La madre

Le gusta la música de Schubert que tanto amaba su hijo, el hijo muerto por propia voluntad, por absoluto deseo. Una muerte que fue madurando por dentro, poco a poco, haciéndose a la idea, sintiendo su compañía, como la más pura expresión del consuelo. Superar el pasado, liberarse de él, no era posible. Hubiera significado convertirse en otro, y él no quería ser otro. Y el pasado era una visión de horror y lágrimas que lo abarcaba todo. Se reprochaba no haber sabido detener el tiempo, transmutar la realidad, por el movimiento mágico del amor. Pero no, el amor no lo cura todo, el amor de uno es silencio y distancia en el otro. No, el amor no basta. Y si el amor no basta, hay que buscar el descanso, la ausencia de dolor, la nada. Volver al magma informe del origen del mundo, que el alma migre al corazón de una margarita blanca, de una violeta. Mejor una flor, sí, los pájaros tienen corazón, los tigres tienen corazón, las flores no, solo alma. Y el corazón es peligroso porque traiciona. El hijo siente que los dioses han dejado de poner en él su mirada y ha quedado abandonado a su suerte. Como Héctor encuentra la muerte a manos de Aquiles cuando Marte aparta de él sus ojos, él teme que ese abandono le lleve a la pérdida definitiva de una parte de sí mismo que nunca volverá a tener. Mejor la muerte.

La madre lo intuye, lo sabe, pero no lo entiende. Desde siempre todo ha girado en torno de sí misma. Habla con el hijo para ser escuchada, quiere que él tome partido, que elija, y si no la elige a ella, lo castiga con su reproche y distancia. Un reproche sutil, una distancia medida. Desconoce el amor sin condiciones, la entrega total que implica salir del todo de sí misma. Vive entregada al cultivo de sus necesidades, de sus ilusiones, de un mundo interior que considera único, tocado por la gracia.

Nunca pensó que todo pudiera llegar tan lejos, se siente confusa, pero se mantiene obstinada buscando una causa ajena a ella, una causa situada fuera, en los otros, en las circunstancias de la vida, en la debilidad del hijo. Se calla. Levanta la mirada hacia el médico y se sorprende de que hayan transcurrido tantos meses desde que sucedió la desgracia. Está cansada, desea irse a casa, sentarse en la penumbra de su habitación, escuchar música, descansar. Quiere oír a Shubert y busca entre los discos del hijo, elige “La muerte y la doncella” que a él tanto le gustaba, una música premonitoria, cargada de significado. La muerte que se acerca, su llamada tan dulce, no temas, no temas, la sorpresa y el miedo de la joven, el descanso final. Desea abandonarse, ella también al descanso de la música, a la emoción de la belleza.

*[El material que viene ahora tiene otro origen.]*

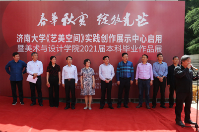 张硕秋副书记、王志副董事长共同为《艺美空间》实践创作展示中心揭幕。王志副董事长对《艺美空间》实践创作展示中心启用表示祝贺。张硕秋副书记宣布毕业生作品展开幕。仪式上,公司党委书记郝军致辞,陈健作为教师代表发言。本科生李建磊作为2021届毕业生代表发言。

No es capaz de liberarse de esa visión egocéntrica de sí misma. El hijo como el niño pequeño que continúa en la infancia y no pide, solo recibe. El hijo como una prolongación de sí misma, siempre centrada en sus pequeñas necesidades, por encima de todo, como si la vida fuera un juego, absorta en una sensibilidad que considera excepcional. Y el hijo necesitaba una columna, una muralla en la que reposar, un vaso de arcilla que recogiera la sangre que le goteaba, mirándole cara a cara, sin que el pulso temblara.

Y ahora todo son palabras en medio del silencio, todo son preguntas cuando no hay respuesta. Pero el dolor no es tan grande. Una carga de razones, guiadas por el instinto, se ha aposentado poco a poco en lo más hondo. Una coraza lustrosa y dura por la que resbalan las palabras y el agua que brota de la fuente del sufrimiento.

Y la vida sigue camino de la siguiente parada. Recorre las estancias que quedan, como el tiempo recorre las estaciones del año. Y en el fondo, qué sorpresa, solo era esto, el dolor solo era esto.